In the early 1990s, a law was passed creating certification of Marriage and Family Therapists, Social Workers and Clinical Social Workers, and Professional Counselors.  Certification only meant that no one could use those titles unless they met certain minimum requirements and were approved by the Department of Regulation and Licensing.

A law passed in 2001 upgraded certification to licensure.  That meant not only were the titles protected, but the very practice of psychotherapy was limited to those with one of these licenses.

All along, graduate students could practice under Medicaid and bill under a supervisor.

All this time, around 34 years, those who had graduated with a masters or doctorate, but who had not completed the Approved Provider credential or, after 1993, certification, could not practice under Medicaid – their services could not be billed to Medicaid.  This gap left new Masters level clinicians scrambling to get 3000 hours.
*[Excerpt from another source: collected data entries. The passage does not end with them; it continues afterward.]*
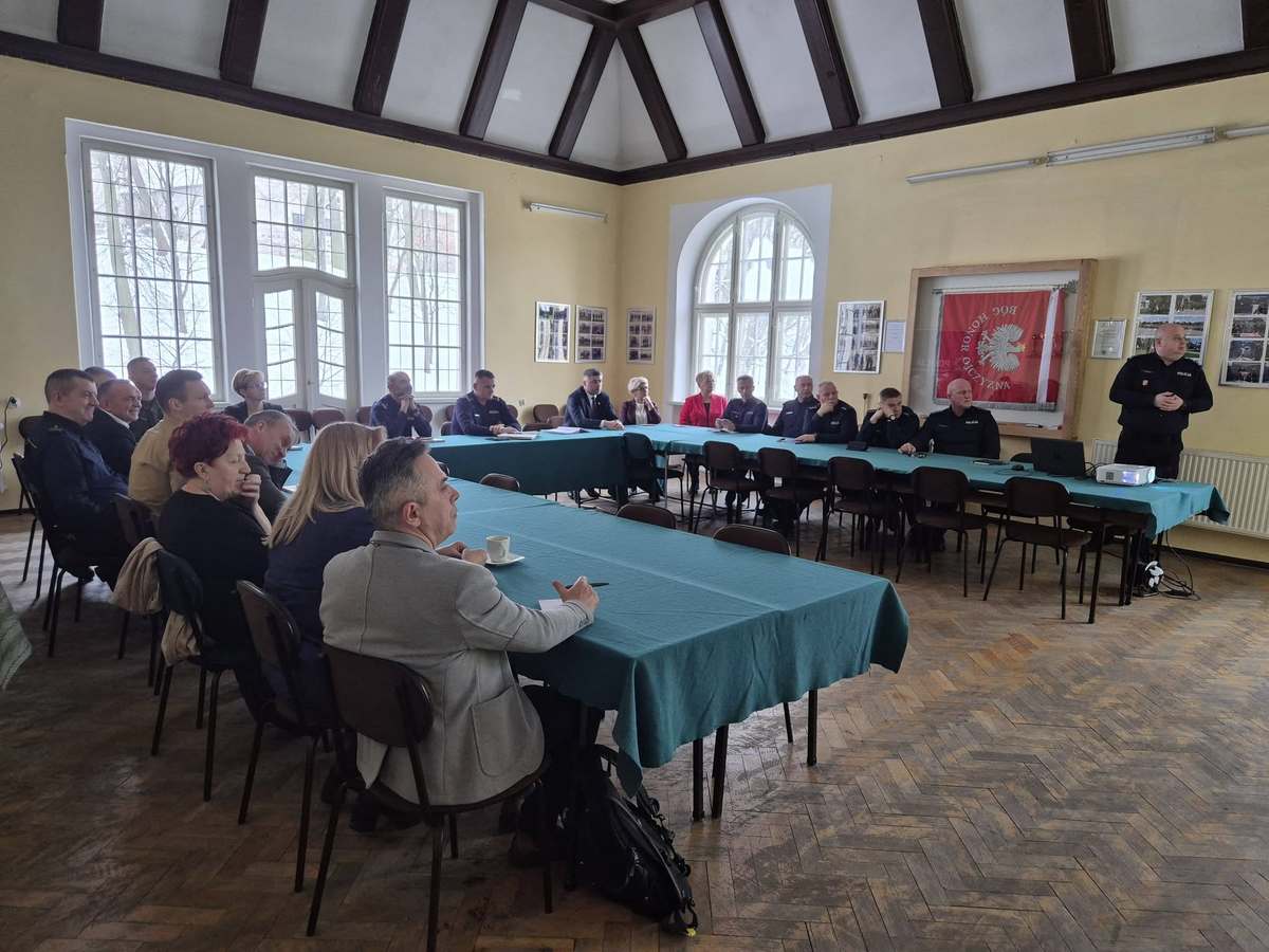 Po oficjalnym przywitaniu gości komendant omówił aktualną sytuację kadrową jednostki. Następnie podziękował policjantom, przedstawicielom samorządów terytorialnych za rok ciężkiej pracy, która przełożyła się na poprawę bezpieczeństwa mieszkańców naszego powiatu. Podkreślał jak ważna jest współpraca pomiędzy służbami a samorządami, która ma bezpośredni wpływ na osiągnięcie wspólnego celu, którym jest zapewnienie wysokiego poziomu porządku i bezpieczeństwa publicznego.
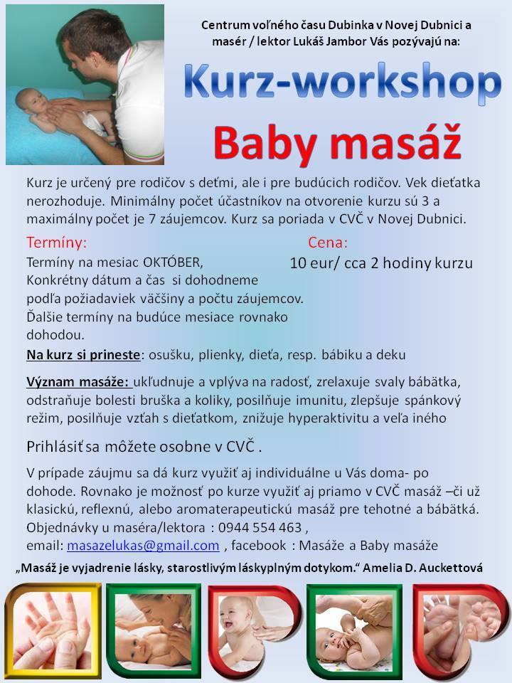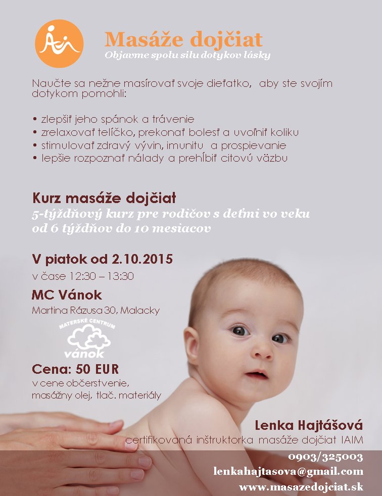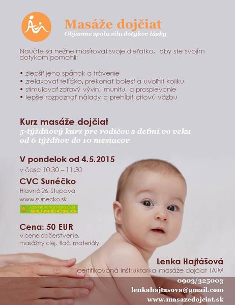 Ahoj Mamicky. MC Srdiecko v Trencine otvorilo novy kurz masazi babatiek, este su volne miesta. Kurz byva v utorky o 16:00 na Dlhych Honoch.
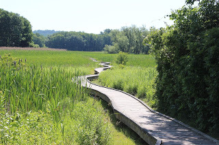 My husband and I went hiking on Saturday. I thought it would be a fun activity for us to do together while the girls are away. I have a warped idea of fun. We drove to Vernon and went on a seven-mile hike in the Wawayanda State Park, with the goal of climbing the Stairway to Heaven.I should have known from the name this was not going to go well.The hike started out easy—according to my husband, it wasn’t a hike, it was a "nature trail." And it was lovely. The trails were flat, some of them included walking on boardwalks over the marsh and there were even a few bridges to walk on—including a suspension bridge that was WAY less scary than the ropes course we did a few weeks ago (and from which my body has FINALLY stopped being sore, and most of the bruises have faded). I loved wandering through farmland and marshes and reminiscing about nature walks my great-uncle used to take my cousins and me on when we were little.
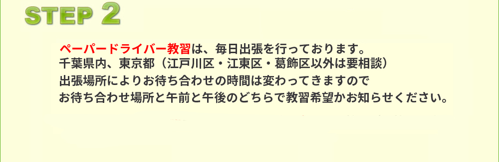 出張での教習行います。ご自宅付近、会社付近などご希望の場所をお知らせください。
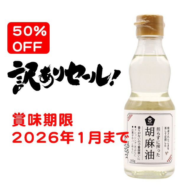 精選された胡麻を使用(ムソー) 【訳あり・50%OFF】【賞味期限2026年1月】煎らずに搾った 胡麻油・165g(透明)
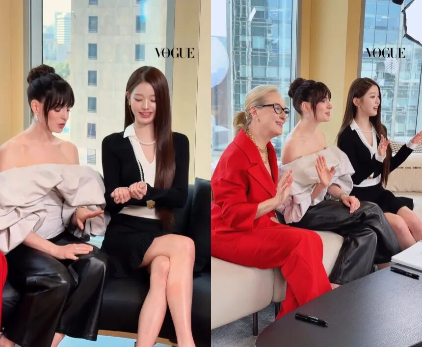 这种反差在电影的宣传策略上显得尤为讽刺。为了开拓亚洲市场,剧组此前可是下足了功夫。在韩国宣传时,片方特意请来了被称为“人间芭比”的顶级爱豆张元英,让她和海瑟薇、斯特里普同台。
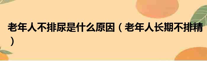 大家好,小东方来为大家解答以上的问题。老年人不排尿是什么原因,老年人长期不排精这个很多人还不知道,现在让我们一起来看看吧!
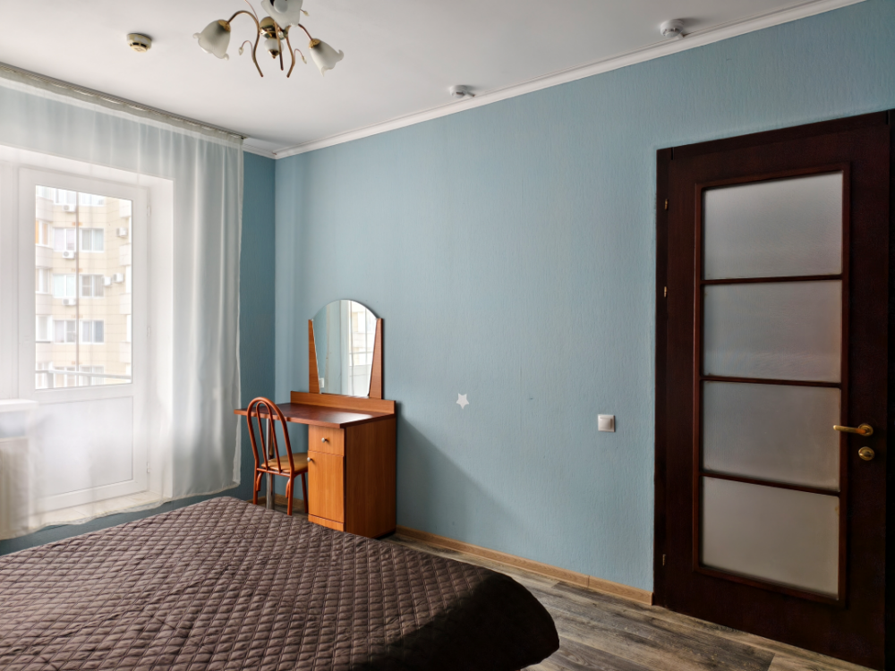 В номере двуспальная кровать, односпальная кровать или кресло-кровать, прикроватные тумбочки, шкаф, журнальный столик, туалетный столик, зеркало, вешалка для одежды, стул, телевизор, кондиционер, мини-холодильник. Ванная комната: ванна, раковина, унитаз, зеркало, полотенцесушитель. Номер с балконом.
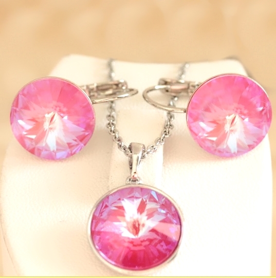 Комплект с покрытием родий. Материал: бижутерный сплав. Покрытие: родий. Вставка: австрийские кристаллы. Размер серьги: 1,9 см. Длина цепочки: 40-45 см. Размер камня: серьги - 1,4 см. кулон - 1,5 см.(с ободком) Цвет камня: хамелеон.
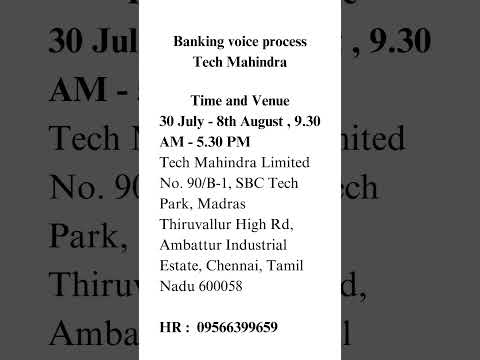 Banking Voice Process - Immediate Openings Chennai Location Tech Mahindra

Finally, this week, Medicaid issued a bulletin, 2012-64, rectifying this long-standing problem.  From now on, masters-level clinicians who procure a training license and PhD/PsyD level clinicians who are on post-doctoral training will be able to credential as Medicaid providers.  They will be known as Qualified Treatment Trainees (QTT), a title defined under DHS35.03.  These provisions ONLY apply when the clinician works for a licensed mental health clinic.

This a major step to enable clinicians to train for licensure and to increase the capacity of the mental health community to serve Medicaid clientele.